Kitna kamzor hai (he is so weak) and all the nani-dadi’s melodrama attached with a lean (read: kamzor) child (read: khandan ka chirag).
I am well aware of his picky eating habits, his non-existent relationship with milk and any milk preparations and his persistent usage of the word NO to any request, instruction, order or coaxing for tasting anything new. I have connived all sorts of plots for pushing veggies and dals down his system employing the means of thinly chopping, grating, shredding and pureeing into his chapatis, rice meals and pastas.
But all these attempts never showed up any visible traces of muscles adding to my little boy. And then I settled myself with the thought that I have an active child with a high metabolism rate.

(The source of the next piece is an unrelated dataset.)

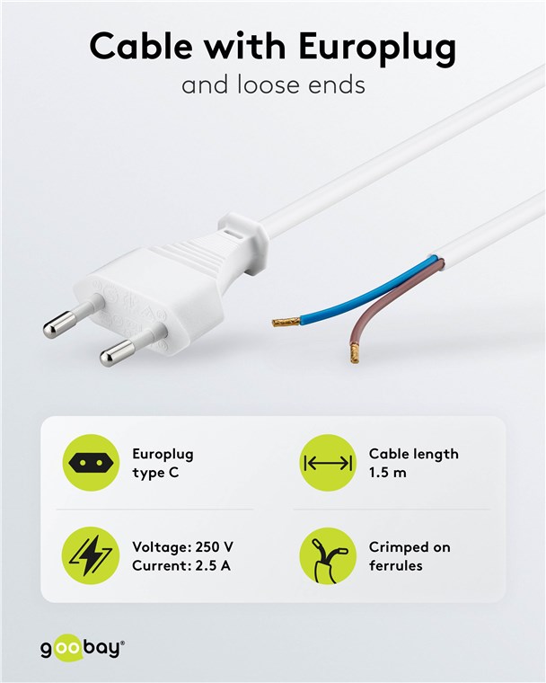 Europlug (Type C CEE 7/16) > Loose cable ends
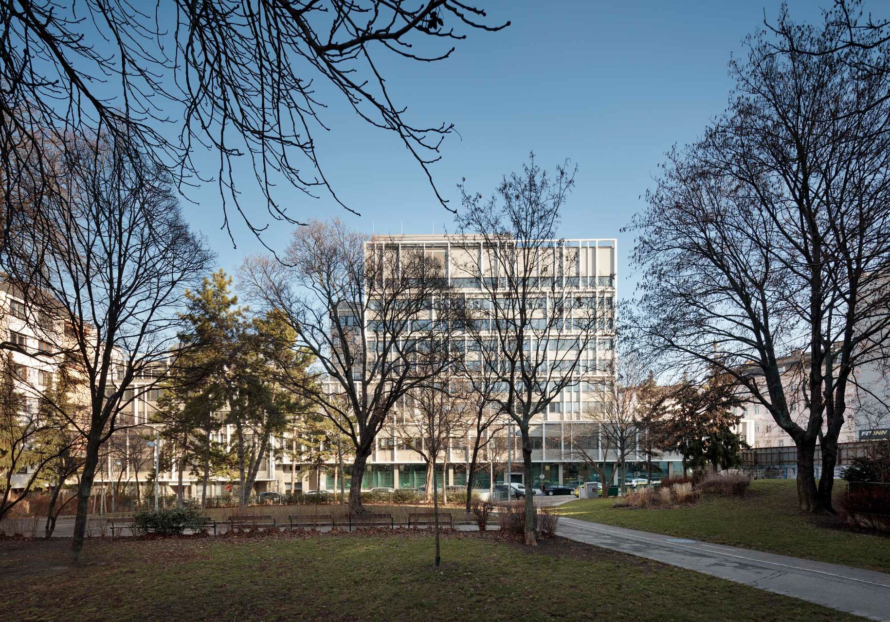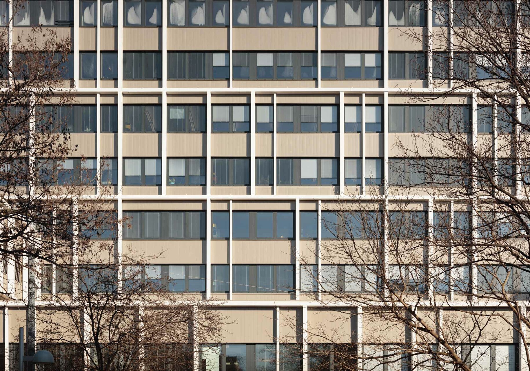 Während die neue, hinterlüftete, bronzefarbene Metallfassade die warmen Pastelltöne der umliegenden Gründerzeitgebäude fortsetzt, bestimmen die vorgesetzten weißen Rahmen den neuen Rhythmus des Gebäudekomplexes – konzeptionell in Anlehnung an den Herzschlag. (Text: Architekt:innen, bearbeitet)

Did I realise that all this peace pact will only last till the time I have nobody to show me the real picture for I had stayed all alone far away from my extended family?
Cut to the present.
Nobody seems to understand the concept of metabolism. However, I do understand the reason of their ignorance which is rooted in our culture, which is about ‘hatte-katte bachhe hote hain achhe’ (fatter looking children are good and healthy). This cultural paradigm was duly supported by the lab experiment in which Dhruv slipped twice within a 15 minute duration thus putting a seal on his frailty and an end to meta-seta-zeta-bolism.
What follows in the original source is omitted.